左からレモン(関智一)、タンジェリン(津田健次郎)

 この映画はやっていることはすごく派手なんですけど、基本的にはオフビートだと思っています。ただ、ウルフ(声・木村昴)はオンビートな役だと思いますが、タンジェリンとレモン(声・関智一)のコンビ、ブラットピット演じるレディバグ(声・堀内賢雄)はオフビートなんです。なので、脱力感のある会話がメインなので、いい意味で淡々としているなと感じました。

――お気に入りのシーンはありますか?

 タンジェリンとレモンのしょうもない掛け合いシーンですね(笑)。あの不思議な感じの掛け合いは印象的でした。そのしょうもなさがこの映画の面白さでもあると思います。僕がめちゃくちゃ喋っているシーンなので注目してもらえたら嬉しいです。

――本作を通して気づいたことや発見はありましたか。

 僕が参加した作品で、割とタンジェリンのような素っ頓狂な役、脱力した軽妙な対話というのは多くなくて、そこの難しさというのは発見でした。面白さもださなければいけないのですが、今回は力で持っていく笑いではないというところで、独特な役だなと思いました。

――全てのアクションシーンが火事場の馬鹿力と言いますか、人間離れしたアクションはすごいパワーを感じました。津田さんが思わぬ力を発揮できた瞬間というのはありますか?

 人間は不測の事態に追い込まれると思わぬパワーが出るなと感じていて、僕の場合だとそれが舞台なんです。舞台をやっている時に底力が出ていることが多い気がしています。それこそ誰かがセリフを忘れたとなるとアドレナリンが出ますから(笑)。

より自由になること

村上順一

津田健次郎

――今回の舞台が新幹線なのですが、津田さんは新幹線でのエピソードはありますか。

 新幹線は好きですね。よく使用するのは東京〜新大阪間なんですけど、その時間で何をしようかなと考えたりします。映画を観るのか、本を読むのか、何か書くのか、もしくは寝るのか。ただ、映画は観はじめても到着までにエンディングまで辿りつかないこともあって、結局新幹線を降りてから、ベンチで続きを観て帰ることもあります(笑)。

 あと、僕はどこでも寝れる体質なんですけど、新大阪から東京に向かう時は、新横浜あたりで眠くなってきてしまうんです。東京まであと2駅しかないので、時間配分がすごく難しい(笑)。

――寝たとしてもすぐに起きなければいけないですね(笑)。さて、いま津田さんが声優として追求されていることは?

 お芝居です。

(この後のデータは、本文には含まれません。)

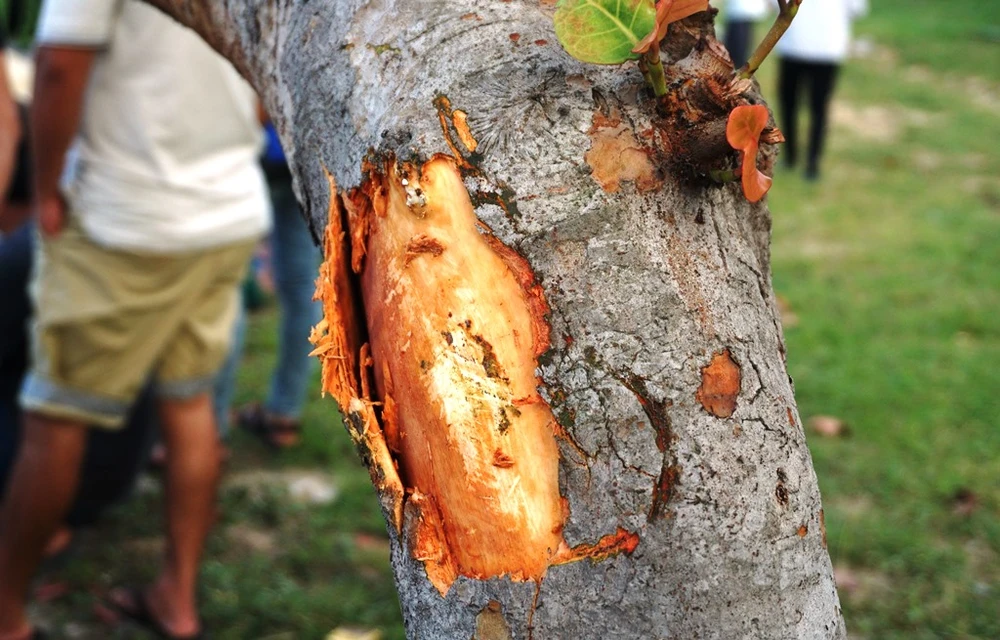 Cả xe và người dội ngược ra lại nhiều mét, cụ ông tử vong tại chỗ. Xe máy nát bét, phần vỏ của gốc cây bị tróc mảng vỏ lớn.

今、初心に帰ってお芝居をまた一からやり直しているような感覚があります。そこで感じたのは改めてお芝居の難しさで、追求のしがいがあるなと思いました。

――「五十にして天命を知る」という言葉があります。津田さんは存在意義や使命などわかったところはありますか。

 自分の存在意義とか使命は、まだ特に感じてはいないんですけど、もっと良いお芝居をやれるようにしたいと思っています。

――その中で津田さんの理想像はどんなものですか。

 これはお芝居を始めた頃からずっと思っていることで、非常に言語化はしにくい曖昧な感じなのですが、より自由になることです。まだ芝居をすることがどこか不自由だなと思いつつ、自由を獲得できずにいるので、常に自分の中の理想として持っています。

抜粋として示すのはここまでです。